Excerpts from a dataset
★ ★ ★

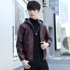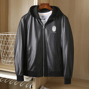 2022春秋新款潮男士连帽皮衣皮夹克中老年男士休闲...
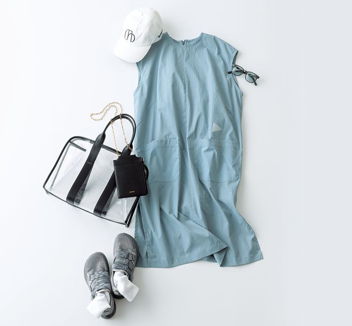 バッグは2個持ちが基本。スマホや貴重品は斜め掛けして持ち歩くように。そしてキャップは白、が顔映りが良くてオススメ。ワンピース¥28,600スニーカー¥30,800(ともにアンドワンダー)バッグ(ショルダー)¥26,400バッグ(クリア)¥35,200(ともにオルセット/オルサ)ソックス¥429(ファミリーマート コンビニエンスウェア/ファミリーマートお客様相談室)キャップ¥8,250(NO.b/AMARC LIFE STORE)サングラス¥41,800(ayame)
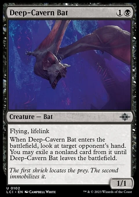 Flying, lifelink When Deep-Cavern Bat enters the battlefield, look at target opponent's hand. You may exile a nonland card from it until Deep-Cavern Bat leaves the battlefield.
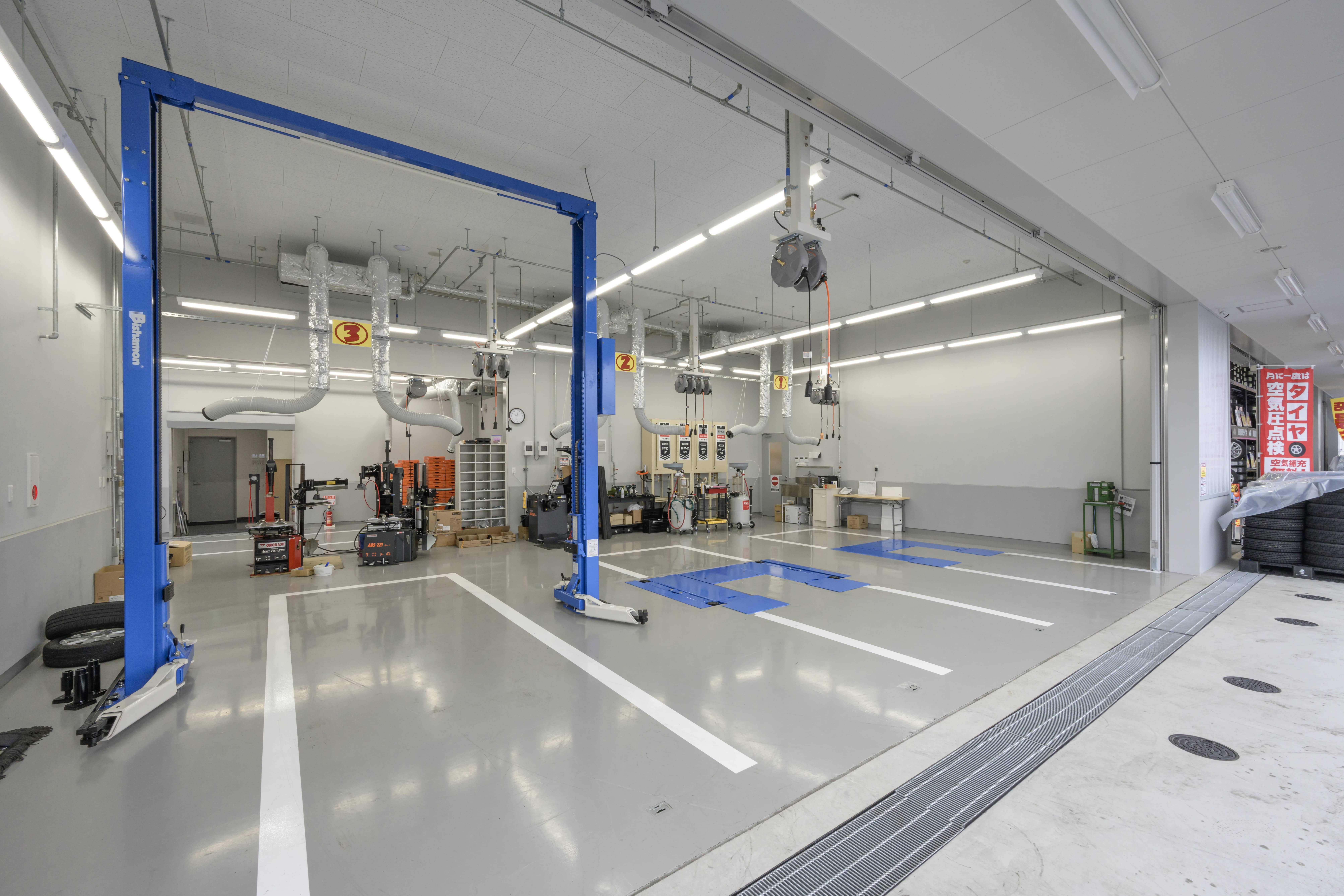 売場と整備工場が連続する空間の大開口部が印象的である。
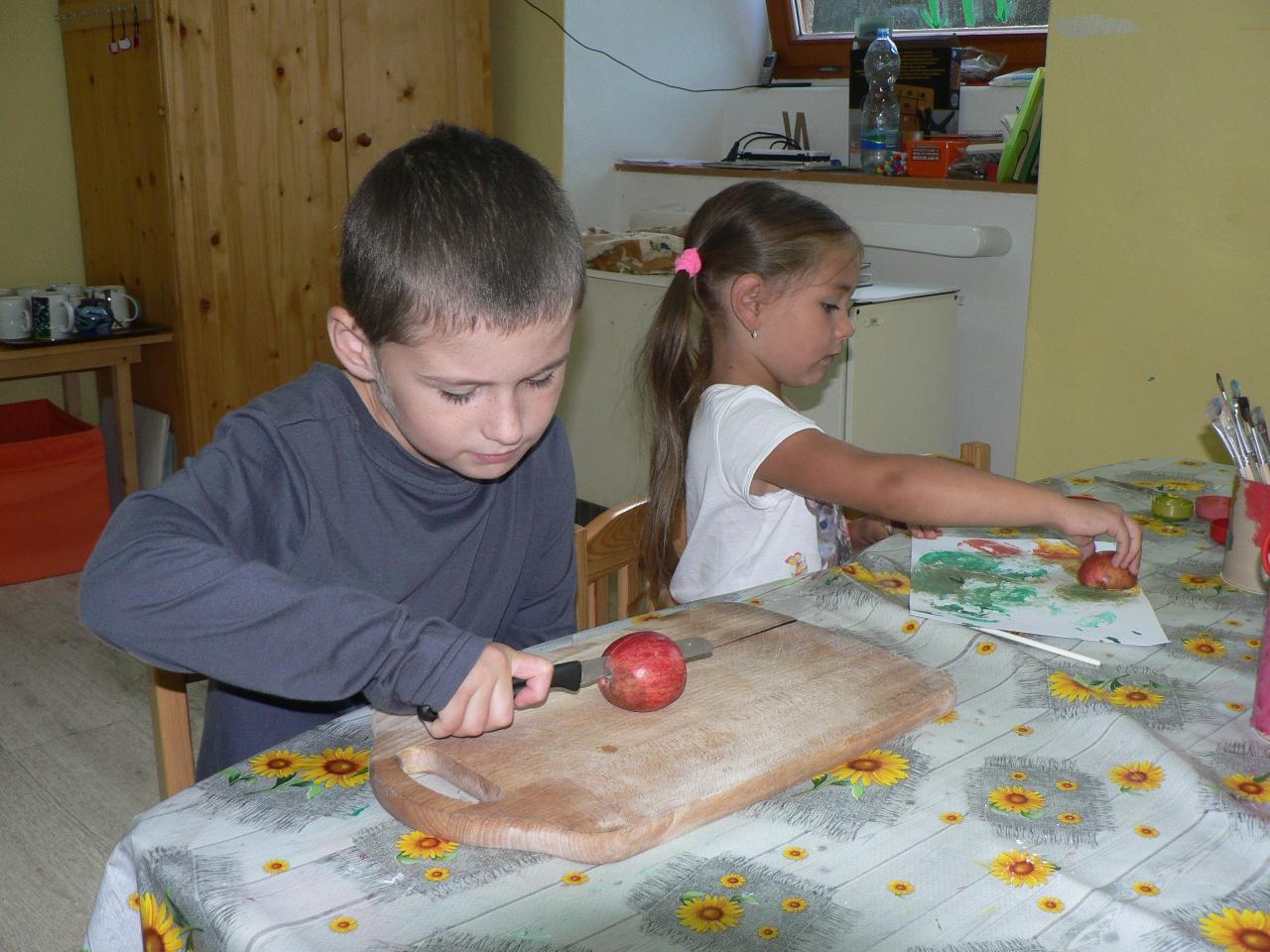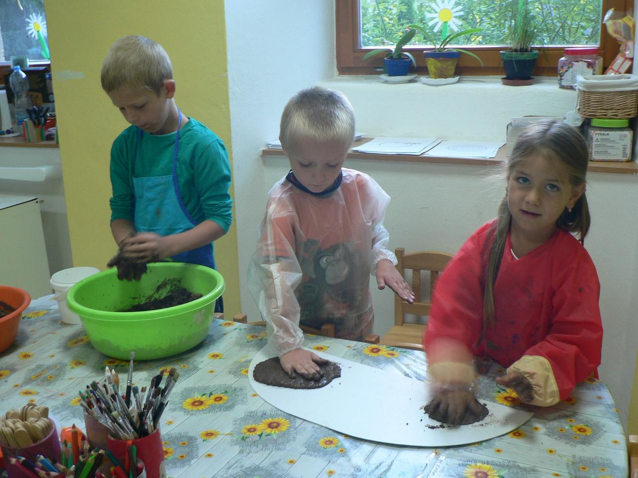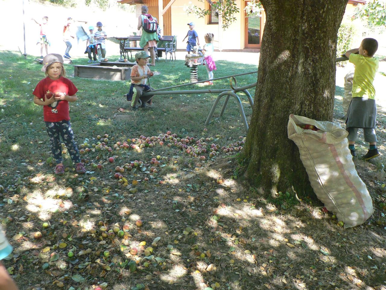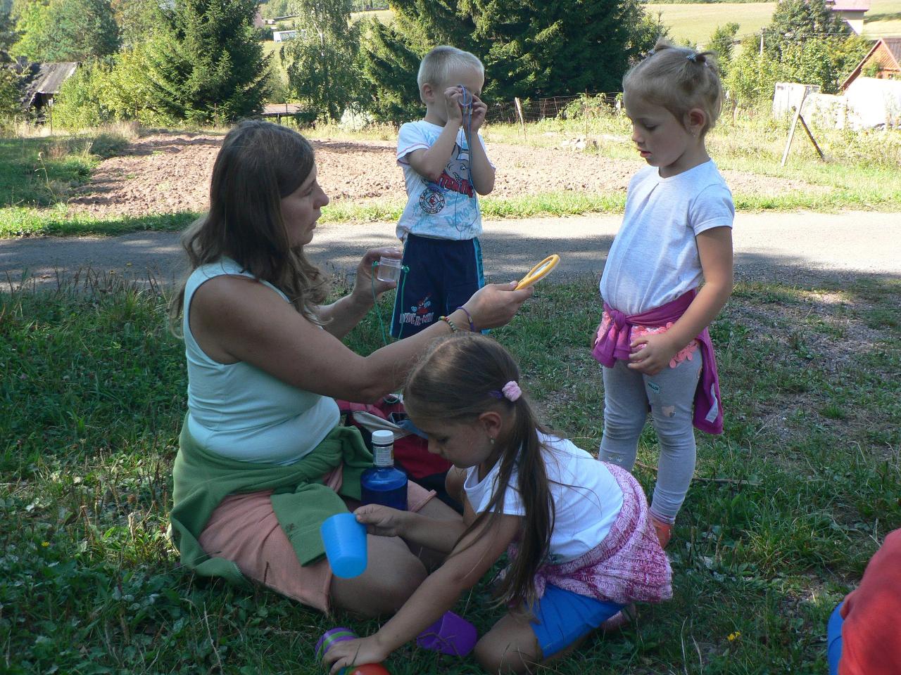 Tento týden jsme si vyprávěli pohádku o pejskovi, kočičce a pracovité Andulce, kterou nevlastní matka vyhnala z domu. Andulka se ale ve světě se neztratila, cestou pomohla studánce plné bláta, jabloni, kterou sužovaly housenky, zanedbanému koníčku s hřívou plnou bodláků i staré peci, kterou už dlouho nikdo neočistil od popela. Dívenka byla v pohádce za své dobré skutky náležitě odměněna a my jsme společně s dětmi vše naplno prožívali. Sbírali jsme jablíčka, malovali uhlíky na dřevo, díky dešti jsme si užili i velké bláto a skákání v kalužích a na jedné z procházek jsme se nevyhnuli ani bodlákům. Počasí nám přálo a celým týdnem nás také provázely nové říkačky a písničky.

★ ★ ★

■ TASK TO COMPLETE: Both boundary lines included, write out word for word only the lines above from the one containing "Flying, lifelink When" to the one containing "売場と整備工場が連続する空間の大開口部が印象的である。", leaving out any pictures.

■ ANSWER SECTION:
 Flying, lifelink When Deep-Cavern Bat enters the battlefield, look at target opponent's hand. You may exile a nonland card from it until Deep-Cavern Bat leaves the battlefield.
 売場と整備工場が連続する空間の大開口部が印象的である。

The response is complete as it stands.